Although sounding basically optimistic on the future prospects of the auto industry and auto lending in particular, the panelists do share a concern or two. The threat of subprime turning ugly isn’t one of them.

Yet some Wall Street types have voiced fears lately that slight increases in subprime auto-loan delinquency rates could mean bad things are to come.

That’s typical, says Amy Cutts, chief economist at credit-tracker Equifax.

“The investor class is nervous by nature, and it doesn’t take much to get them hyper-nervous,” she says at the American Financial Services Assn.’s annual Vehicle Finance Conference held in conjunction with the National Automobile Dealers Assn. convention.

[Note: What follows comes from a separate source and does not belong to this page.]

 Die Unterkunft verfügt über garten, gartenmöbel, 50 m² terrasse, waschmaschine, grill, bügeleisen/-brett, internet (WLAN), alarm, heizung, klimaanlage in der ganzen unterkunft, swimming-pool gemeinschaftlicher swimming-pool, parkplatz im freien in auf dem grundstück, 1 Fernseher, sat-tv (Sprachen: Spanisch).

“I can get out my magnifier and show delinquency rates going up slightly and a small basis-point charting,” she says, adding that’s more a reflection of increased automotive subprime lending in recent years than of anything else.

“If that’s the worry, there’s no problem,” she says after her participation on a panel discussing market trends.    

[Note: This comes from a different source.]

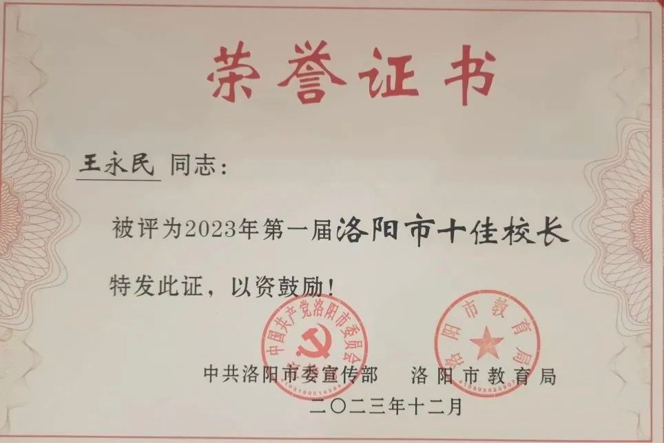 校友、洛阳市洛龙区第一实验小学教育集团党委书记、校长王永民,两位校友喜获“洛阳市首届十佳校长”荣誉称号。

Wall Street in recent years has shown an appetite for buying bonds in the form of bundled subprime loans to people with less than stellar credit. Santander last year readily did a $712 million subprime deal like that.

But there have been grumblings of late about the wisdom of such transactions, considering the upticks in delinquency rates.     

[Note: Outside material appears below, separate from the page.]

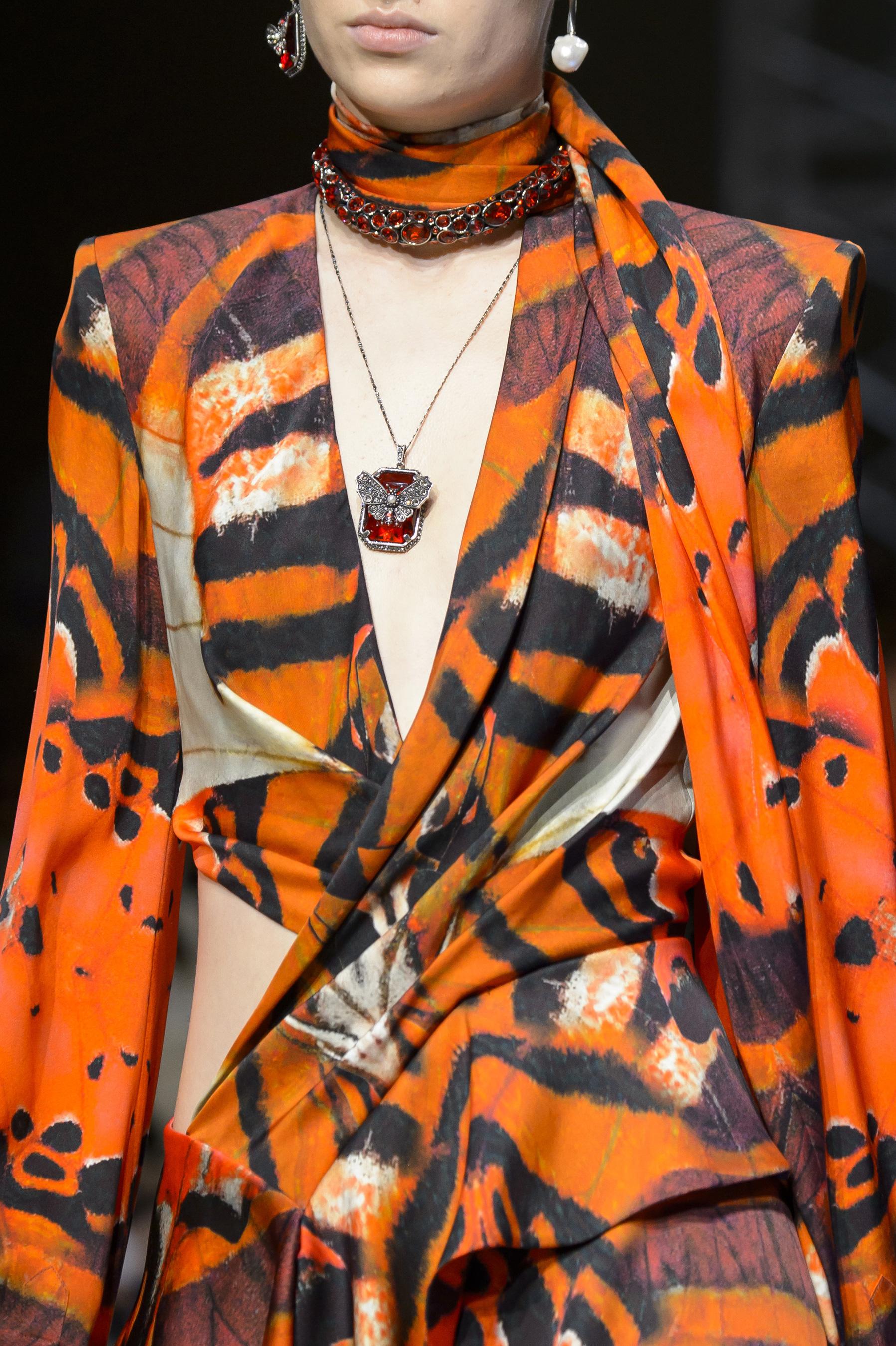 Дизайнер Сара Бертон , которая осталась верной первоначальному видению Маккуина, хотела, чтобы женщины чувствовали себя сильными и даже защищенными. Работая над темой фетишизма, она сосредоточила свою эстетику на уникальном взаимодействии между уязвимостью и силой, сочетая принты в виде крыльев бабочки с шокирующей кожей.

Cutts’ concern isn’t that. Rather, it is the fear that skittish investors will take their money elsewhere, fleeing auto lending, or at least certain segments of it, and consequently tightening the availability of reasonably priced credit to people who want to buy cars.

“Investors might go somewhere else,” she says. “When I see a pullback in funding, I worry about credit availability (in auto lending).”  

If auto-lending credit is curtailed, the auto industry undoubtedly would take a hit. Conference panelists note that when auto sales plummeted to 10.6 million in 2009 (compared to 17.4 million last year), the real culprit for the freefall was credit unavailability for would-be vehicle buyers.

“It’s easy to fund credit scores of 700 and up,” Cutts says. “You can do that all day long,”

Sixty-day delinquency rates went from 0.72% in 2014 to 0.77% in 2015, primarily because of subprime borrowers. 

In electronic polling using hand-held devices at the conference, 93% of attendees say they think delinquency rates will go up this year.  

Credit levels range from scores of 850 for super prime to 300 for deep subprrime. Experian says 2015 credit levels and their percentage of the automotive market are: super prime (27.68%), prime (43.15%), non-prime (17.69%), subprime (10.70%, up from 10.08%) and deep subprime (0.78%, up from 0.68%).

“We still think the automotive credit market is good even though some people are suggesting we might see a deterioration,” says conference panelist Matt Carroll, senior director-financial services for Standard & Poor’s. “Those people are making comparisons to the housing crisis.”

That’s when subprime lending indeed did blow up in 2008 and 2009. But the detonators were subprime mortgages that defaulted en masse, not subprime auto loans. The latter performed well during the recession, leading many investors to get involved in that credit segment, including subprime.

Today, any bad news on the subprime front rekindles investors’ memories of the horror show that was the subprime mortgage meltdown. To them, it was traumatic and not that long ago.

“Yes, we are seeing an increase in delinquencies and losses (from subprime auto loans), but those are coming off a low base,” Carroll says. “It’s more of a normalization.”

Delinquency and charge-off rates are relatively low, says Tom Murphy, a Wells Fargo executive vice president.

In 2009 “a lot of private equity moved from mortgages to auto (lending),” he says, wondering whether such investors will stay.

He adds, “I’m generally the most optimistic guy around, and we are looking for deals, but I have some concerns.” One of them: “Yeah, people are getting jobs, but are they jobs that can pay for a 72-month car loan?”

Slow wage growth is an issue that can affect auto sales, says Mike Wall, director-automotive analysis for IHS Automotive. “It’s something we’re looking at closely. There are some troubling aspects to it. It’s a limiting factor.”